[Task to complete]:
Please set down the data word for word; images do not go in the copy.

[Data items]

▼

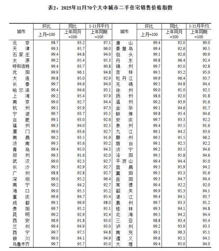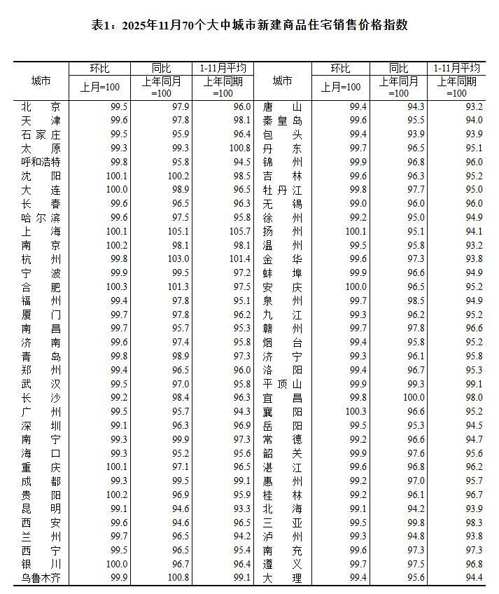 12月15日,国家统计局城市司首席统计师王中华解读商品住宅销售价格变动情况统计数据,2025年11月份,70个大中城市商品住宅销售价格环比总体下降、同比降幅扩大。
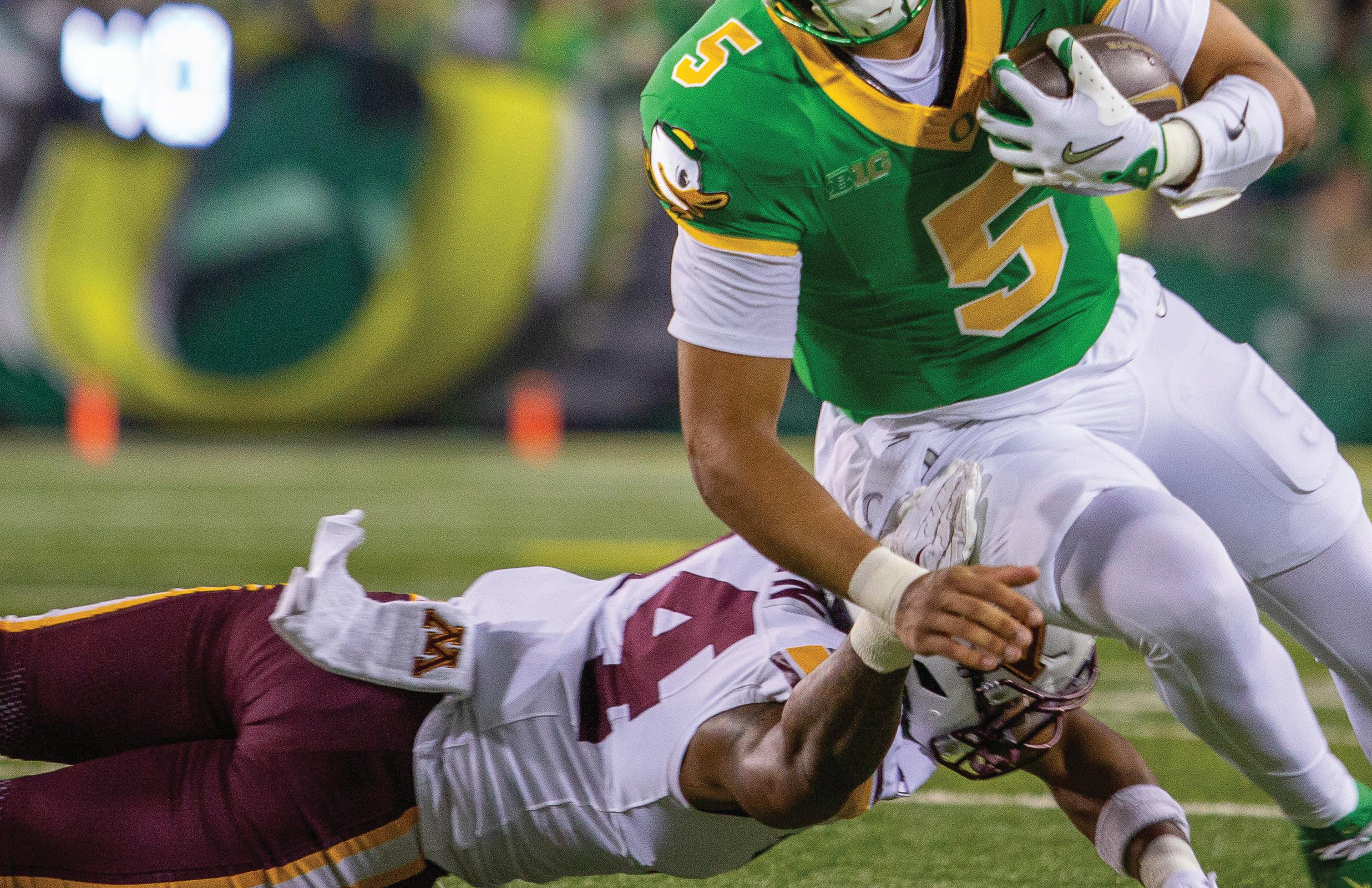 (BELOW) Oregon quarterback Dante Moore (5) dodges a Minnesota defender. The University of Oregon hosted the University of Minnesota Golden Gophers in a Friday night matchup at Autzen Stadium in Eugene, Ore., on Nov. 14, 2025. (Corey Hoffman/Emerald)
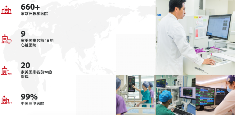 近幾年,邁瑞醫療還推出“三瑞”IT解決方案,包括智慧醫院解決方案,通過搭建院內醫療設備的智能化、信息化、集成化管理體系,提升醫院的管理和運營效率。
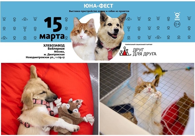 15 марта на территории современного городского пространства Хлебозавод состоится «Юна‑Фест» — выставка‑пристройство кошек и собак из приюта. Это замечательная возможность наконец-то встретить питомца своей мечты! Мероприятие организовано при поддержке генерального социального партнера — проекта «Друг для Друга».
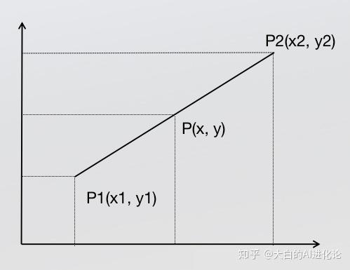 针对于单线性插值,已知p1和 p2 计算x1 x2区间内某一位置x在直线上的y值,直接求一条直线公式
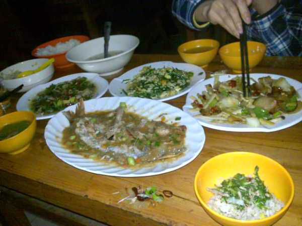 这个是我们的晚餐。剑河鱼68,步步高炒肉末38,山韭菜炒蛋38,回锅肉58,紫菜蛋汤28,米饭10元(管3人饱)。很鬼,但在山上是有心理准备的。
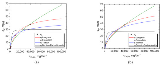 The equilibrium and kinetic studies of Cr(III) adsorption from one-component model solutions allowed the performance and efficiency of the operation to be determined. According to the theoretical assumptions, the efficiency of the adsorbent was determined from equilibrium studies based on the Langmuir, Freundlich, Temkin and Dubinin–Radushkevich isotherms [32]. The calculated parameters are summarized in Table 3, while the comparison of all isotherms with the experimental data is presented in Figure 6. On the other hand, the kinetic studies allowed the estimation of the removal rate of chromium ions from the system by applying the pseudo-first-order and second-order equations (PFO, PSO) (Table 4 and Table 5).
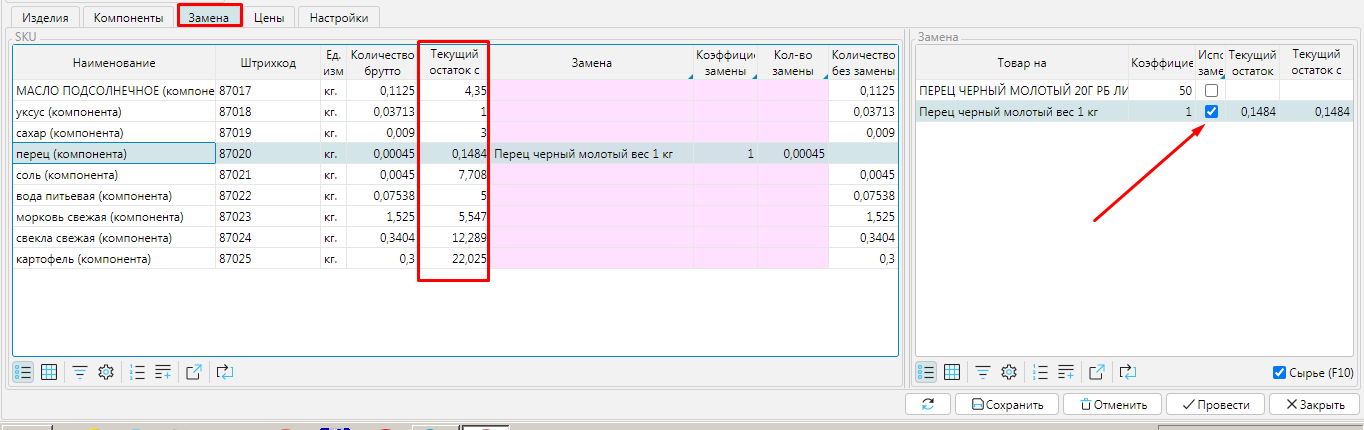 На вкладке Замена отображаются остатки компонентов с учетом настроенных замен. При необходимости использовать замену,  галочкой надо указать, какой именно  товар замены использовать, этот товар будет в дальнейшем использован для калькуляции стоимости.
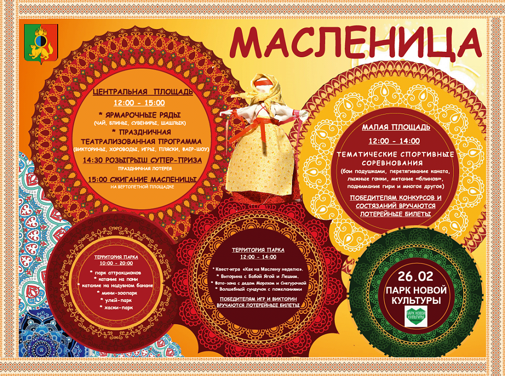 Приглашаем Вас на городскую праздничную программу «Широкая масленица», которая пройдет в парке новой культуры. Провожать зиму и встречать весну помогут: студия «Три апельсина», муниципальный театр драмы «Вариант», Централизованная клубная и библиотечная системы, учреждение спорта «Старт», а также шоу-группа «Юла». По старой доброй традиции гости народных гуляний смогут приобрести для себя «масленки» и загадать заветное желание, которое обязательно исполнится. В течение праздника на всех площадках, где будут организованы игры, конкурсы и соревнования жители получат купоны, по которым будет проведен розыгрыш подарков, а также будет разыгран главный супер-приз. А в 14-30 на главной площадке состоится розыгрыш супер приза! В центральной зоне Парка Вас ждут: игровые программы, хороводы, народные гуляния, квест-игры и Фаер-шоу. На малой площадке (в зоне ледового катка) будут организованы спортивные состязания. Также в течение всего дня для вас будет работать Парк аттракционов «Жемчужина», мини-зоопарк, Улей-парк, Хаски-парк, организована фото зона для детей и взрослых, катание на пони и на надувном банане. На ярмарке приготовлено главное угощение дня – блины! Основная часть праздника завершится традиционным обрядом сожжения чучела Масленицы в 15-00 (на вертолётной площадке). Материалы по теме:

▲

[Answer space]:
 12月15日,国家统计局城市司首席统计师王中华解读商品住宅销售价格变动情况统计数据,2025年11月份,70个大中城市商品住宅销售价格环比总体下降、同比降幅扩大。
 (BELOW) Oregon quarterback Dante Moore (5) dodges a Minnesota defender. The University of Oregon hosted the University of Minnesota Golden Gophers in a Friday night matchup at Autzen Stadium in Eugene, Ore., on Nov. 14, 2025. (Corey Hoffman/Emerald)
 近幾年,邁瑞醫療還推出“三瑞”IT解決方案,包括智慧醫院解決方案,通過搭建院內醫療設備的智能化、信息化、集成化管理體系,提升醫院的管理和運營效率。
 15 марта на территории современного городского пространства Хлебозавод состоится «Юна‑Фест» — выставка‑пристройство кошек и собак из приюта. Это замечательная возможность наконец-то встретить питомца своей мечты! Мероприятие организовано при поддержке генерального социального партнера — проекта «Друг для Друга».
 针对于单线性插值,已知p1和 p2 计算x1 x2区间内某一位置x在直线上的y值,直接求一条直线公式
 这个是我们的晚餐。剑河鱼68,步步高炒肉末38,山韭菜炒蛋38,回锅肉58,紫菜蛋汤28,米饭10元(管3人饱)。很鬼,但在山上是有心理准备的。
 The equilibrium and kinetic studies of Cr(III) adsorption from one-component model solutions allowed the performance and efficiency of the operation to be determined. According to the theoretical assumptions, the efficiency of the adsorbent was determined from equilibrium studies based on the Langmuir, Freundlich, Temkin and Dubinin–Radushkevich isotherms [32]. The calculated parameters are summarized in Table 3, while the comparison of all isotherms with the experimental data is presented in Figure 6. On the other hand, the kinetic studies allowed the estimation of the removal rate of chromium ions from the system by applying the pseudo-first-order and second-order equations (PFO, PSO) (Table 4 and Table 5).
 На вкладке Замена отображаются остатки компонентов с учетом настроенных замен. При необходимости использовать замену,  галочкой надо указать, какой именно  товар замены использовать, этот товар будет в дальнейшем использован для калькуляции стоимости.
 Приглашаем Вас на городскую праздничную программу «Широкая масленица», которая пройдет в парке новой культуры. Провожать зиму и встречать весну помогут: студия «Три апельсина», муниципальный театр драмы «Вариант», Централизованная клубная и библиотечная системы, учреждение спорта «Старт», а также шоу-группа «Юла». По старой доброй традиции гости народных гуляний смогут приобрести для себя «масленки» и загадать заветное желание, которое обязательно исполнится. В течение праздника на всех площадках, где будут организованы игры, конкурсы и соревнования жители получат купоны, по которым будет проведен розыгрыш подарков, а также будет разыгран главный супер-приз. А в 14-30 на главной площадке состоится розыгрыш супер приза! В центральной зоне Парка Вас ждут: игровые программы, хороводы, народные гуляния, квест-игры и Фаер-шоу. На малой площадке (в зоне ледового катка) будут организованы спортивные состязания. Также в течение всего дня для вас будет работать Парк аттракционов «Жемчужина», мини-зоопарк, Улей-парк, Хаски-парк, организована фото зона для детей и взрослых, катание на пони и на надувном банане. На ярмарке приготовлено главное угощение дня – блины! Основная часть праздника завершится традиционным обрядом сожжения чучела Масленицы в 15-00 (на вертолётной площадке). Материалы по теме:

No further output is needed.